Start of INFORMATION PROVIDED

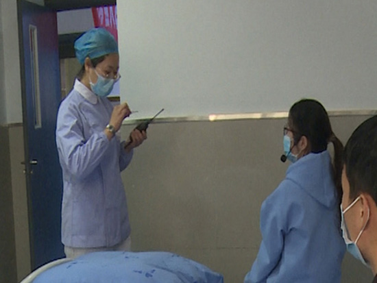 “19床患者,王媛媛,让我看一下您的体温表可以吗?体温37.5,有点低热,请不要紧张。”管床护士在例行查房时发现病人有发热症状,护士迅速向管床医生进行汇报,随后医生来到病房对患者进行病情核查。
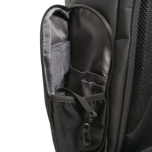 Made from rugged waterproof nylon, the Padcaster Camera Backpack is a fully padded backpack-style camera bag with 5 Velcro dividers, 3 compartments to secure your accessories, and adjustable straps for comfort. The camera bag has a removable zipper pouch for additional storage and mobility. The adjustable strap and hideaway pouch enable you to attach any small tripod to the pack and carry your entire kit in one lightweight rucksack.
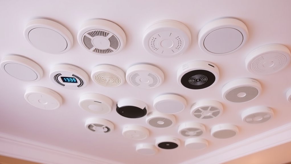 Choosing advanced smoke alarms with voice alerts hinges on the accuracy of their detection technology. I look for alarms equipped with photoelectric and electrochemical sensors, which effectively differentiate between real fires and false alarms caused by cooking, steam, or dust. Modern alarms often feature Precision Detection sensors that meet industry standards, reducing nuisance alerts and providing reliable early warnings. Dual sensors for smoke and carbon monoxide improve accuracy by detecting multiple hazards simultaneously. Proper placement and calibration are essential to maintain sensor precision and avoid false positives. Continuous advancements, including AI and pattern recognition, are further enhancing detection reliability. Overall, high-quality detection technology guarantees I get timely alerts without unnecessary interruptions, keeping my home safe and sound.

End of INFORMATION PROVIDED
Start of INFORMATION PROVIDED

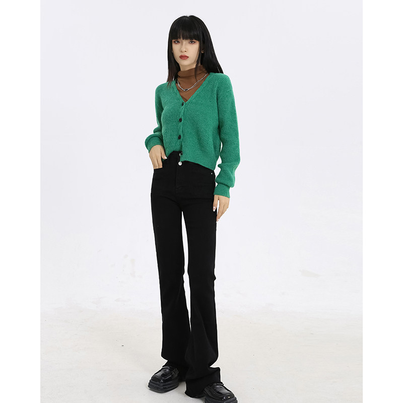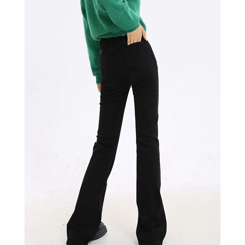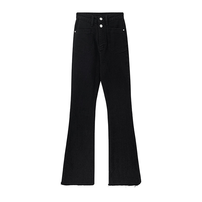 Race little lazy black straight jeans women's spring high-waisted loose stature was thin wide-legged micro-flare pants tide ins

End of INFORMATION PROVIDED
Start of INFORMATION PROVIDED

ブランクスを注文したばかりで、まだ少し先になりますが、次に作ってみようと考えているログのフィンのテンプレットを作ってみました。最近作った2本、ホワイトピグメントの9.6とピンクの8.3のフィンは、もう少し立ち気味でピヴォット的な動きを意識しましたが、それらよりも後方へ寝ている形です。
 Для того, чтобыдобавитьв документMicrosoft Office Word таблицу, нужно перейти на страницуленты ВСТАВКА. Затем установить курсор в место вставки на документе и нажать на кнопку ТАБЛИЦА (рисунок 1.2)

End of INFORMATION PROVIDED

§ ASSIGNMENT
Write out, from the lines above, only those from the line with "ブランクスを注文したばかりで" to the line with "Для того, чтобыдобавитьв", exactly as given, including the first and the last.

§ SOLUTION
ブランクスを注文したばかりで、まだ少し先になりますが、次に作ってみようと考えているログのフィンのテンプレットを作ってみました。最近作った2本、ホワイトピグメントの9.6とピンクの8.3のフィンは、もう少し立ち気味でピヴォット的な動きを意識しましたが、それらよりも後方へ寝ている形です。
 Для того, чтобыдобавитьв документMicrosoft Office Word таблицу, нужно перейти на страницуленты ВСТАВКА. Затем установить курсор в место вставки на документе и нажать на кнопку ТАБЛИЦА (рисунок 1.2)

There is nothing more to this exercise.